*Exercise aim*:
Go through the entries below and print, exactly, the lines starting at the one with "Modern Trade เนื่องจากท่ามกลางตลาดค้าปลีกไทยที่เติบโตต่อเนื่อง" and ending at the one with "(2)成为好友后,可在该界面", keeping both ends and no others.

Segment Start: Data for this task

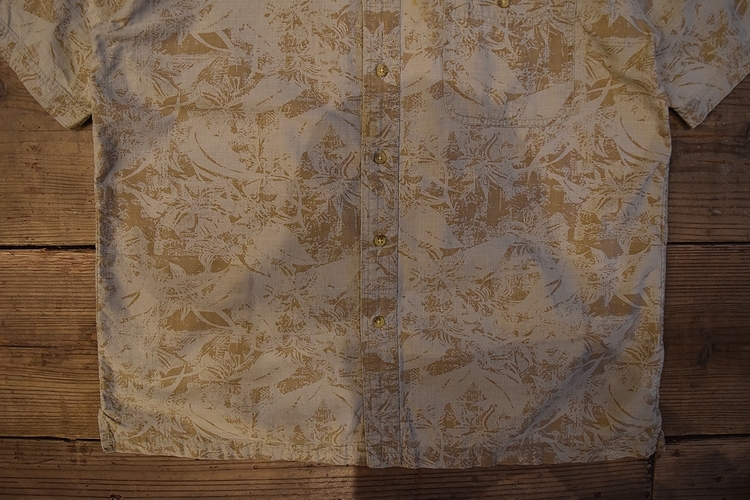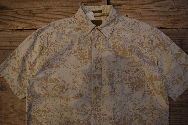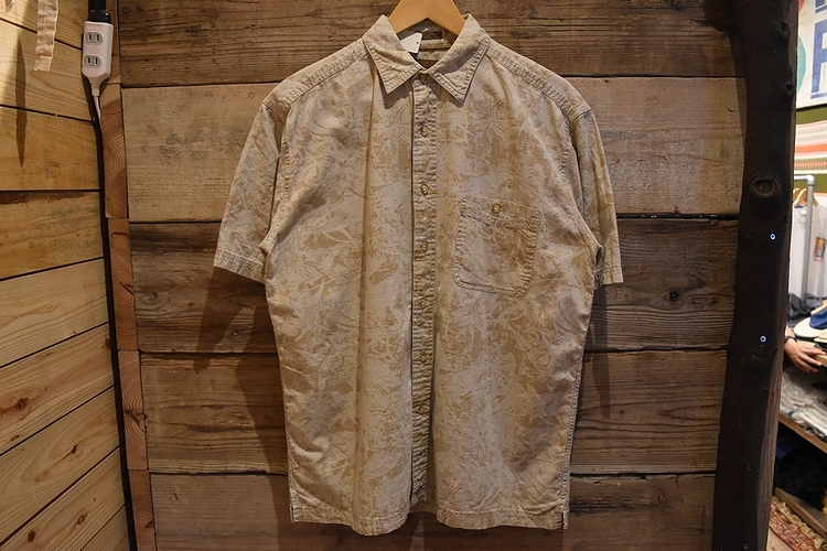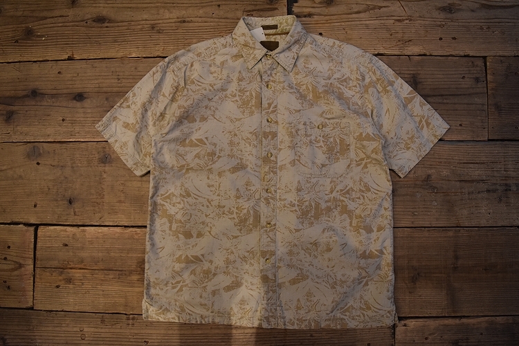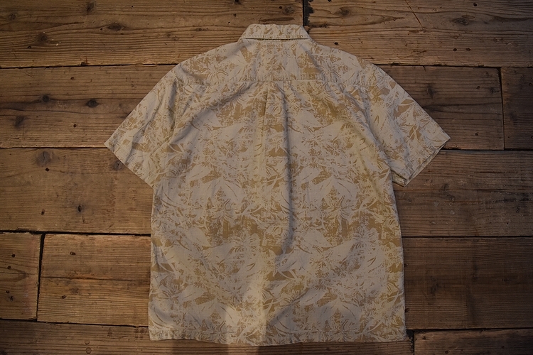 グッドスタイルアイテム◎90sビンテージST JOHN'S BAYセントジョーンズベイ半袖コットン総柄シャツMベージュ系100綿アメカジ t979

Segment End: Data for this task
Segment Start: Data for this task

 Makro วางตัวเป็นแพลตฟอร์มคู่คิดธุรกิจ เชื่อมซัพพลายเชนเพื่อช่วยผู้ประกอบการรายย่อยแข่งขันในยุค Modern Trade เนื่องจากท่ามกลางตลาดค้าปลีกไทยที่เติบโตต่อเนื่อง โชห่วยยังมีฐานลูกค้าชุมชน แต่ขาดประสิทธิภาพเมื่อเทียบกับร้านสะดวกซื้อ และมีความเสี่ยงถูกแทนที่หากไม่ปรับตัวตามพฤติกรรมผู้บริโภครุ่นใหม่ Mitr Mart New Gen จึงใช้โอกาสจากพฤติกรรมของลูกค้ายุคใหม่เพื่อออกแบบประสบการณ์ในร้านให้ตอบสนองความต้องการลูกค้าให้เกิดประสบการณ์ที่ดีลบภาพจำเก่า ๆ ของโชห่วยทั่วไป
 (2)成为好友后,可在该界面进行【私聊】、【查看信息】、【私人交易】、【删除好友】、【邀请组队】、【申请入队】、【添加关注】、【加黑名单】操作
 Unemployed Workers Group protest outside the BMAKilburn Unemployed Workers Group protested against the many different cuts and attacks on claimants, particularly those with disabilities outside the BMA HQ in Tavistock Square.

Segment End: Data for this task

*Solution to this problem*:
 Makro วางตัวเป็นแพลตฟอร์มคู่คิดธุรกิจ เชื่อมซัพพลายเชนเพื่อช่วยผู้ประกอบการรายย่อยแข่งขันในยุค Modern Trade เนื่องจากท่ามกลางตลาดค้าปลีกไทยที่เติบโตต่อเนื่อง โชห่วยยังมีฐานลูกค้าชุมชน แต่ขาดประสิทธิภาพเมื่อเทียบกับร้านสะดวกซื้อ และมีความเสี่ยงถูกแทนที่หากไม่ปรับตัวตามพฤติกรรมผู้บริโภครุ่นใหม่ Mitr Mart New Gen จึงใช้โอกาสจากพฤติกรรมของลูกค้ายุคใหม่เพื่อออกแบบประสบการณ์ในร้านให้ตอบสนองความต้องการลูกค้าให้เกิดประสบการณ์ที่ดีลบภาพจำเก่า ๆ ของโชห่วยทั่วไป
 (2)成为好友后,可在该界面进行【私聊】、【查看信息】、【私人交易】、【删除好友】、【邀请组队】、【申请入队】、【添加关注】、【加黑名单】操作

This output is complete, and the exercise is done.